▶ WHAT NEEDS TO BE DONE:
Return exactly the run of lines that begins at the line containing "Dietetic interns and" and ends at the last line of the material below; pictures stay out.

▶ COLLECTED DATA:
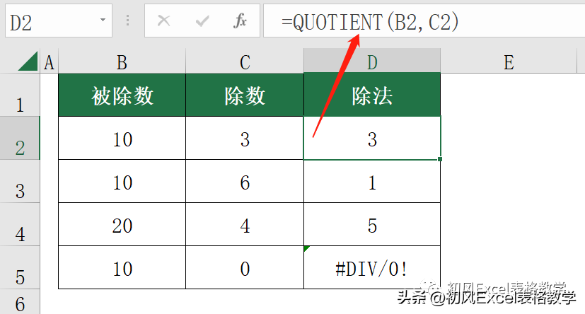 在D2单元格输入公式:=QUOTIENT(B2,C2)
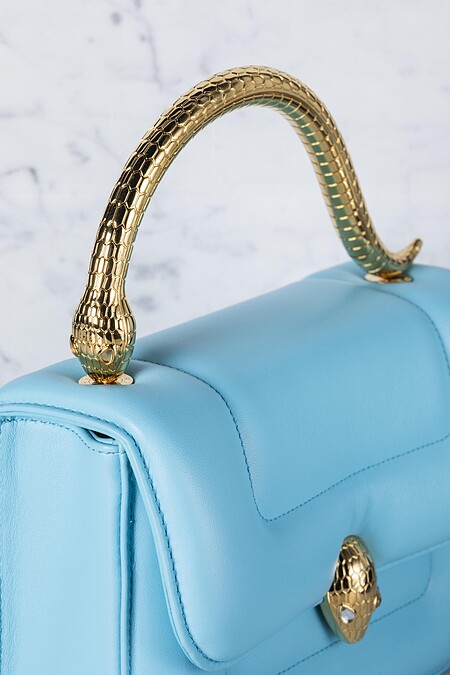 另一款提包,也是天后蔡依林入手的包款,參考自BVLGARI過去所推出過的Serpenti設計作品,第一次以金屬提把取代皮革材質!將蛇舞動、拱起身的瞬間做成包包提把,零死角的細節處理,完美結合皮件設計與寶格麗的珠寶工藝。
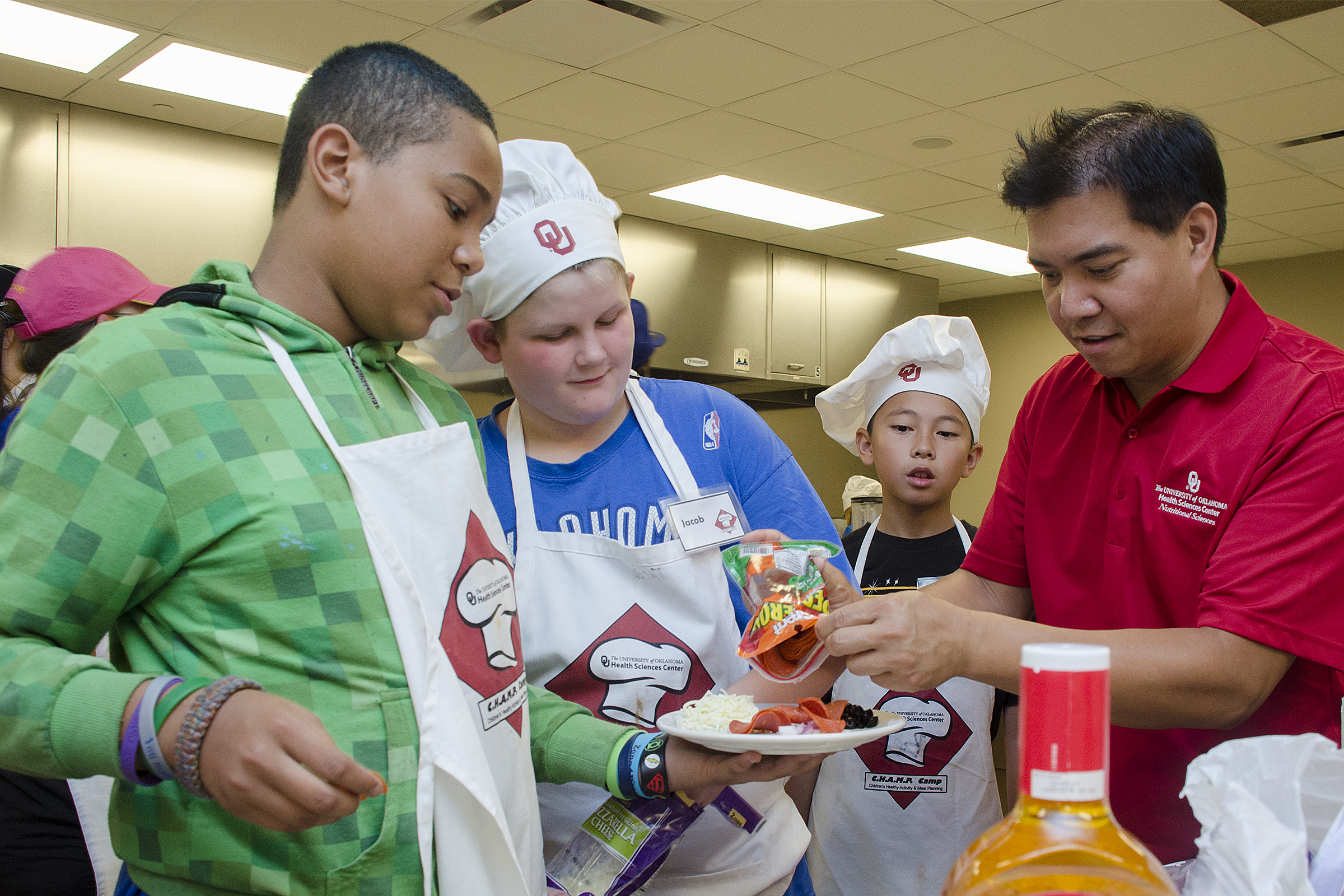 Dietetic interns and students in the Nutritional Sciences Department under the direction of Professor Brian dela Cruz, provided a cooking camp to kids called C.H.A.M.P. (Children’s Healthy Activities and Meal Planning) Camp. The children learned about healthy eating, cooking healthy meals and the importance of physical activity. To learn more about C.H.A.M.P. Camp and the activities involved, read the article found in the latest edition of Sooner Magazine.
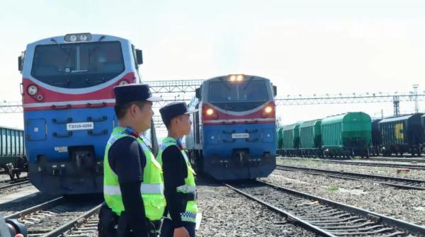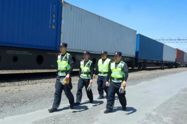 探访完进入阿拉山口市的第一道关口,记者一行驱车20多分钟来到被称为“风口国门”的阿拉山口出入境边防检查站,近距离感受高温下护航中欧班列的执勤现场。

▶ SOLVED EXERCISE:
 Dietetic interns and students in the Nutritional Sciences Department under the direction of Professor Brian dela Cruz, provided a cooking camp to kids called C.H.A.M.P. (Children’s Healthy Activities and Meal Planning) Camp. The children learned about healthy eating, cooking healthy meals and the importance of physical activity. To learn more about C.H.A.M.P. Camp and the activities involved, read the article found in the latest edition of Sooner Magazine.
 探访完进入阿拉山口市的第一道关口,记者一行驱车20多分钟来到被称为“风口国门”的阿拉山口出入境边防检查站,近距离感受高温下护航中欧班列的执勤现场。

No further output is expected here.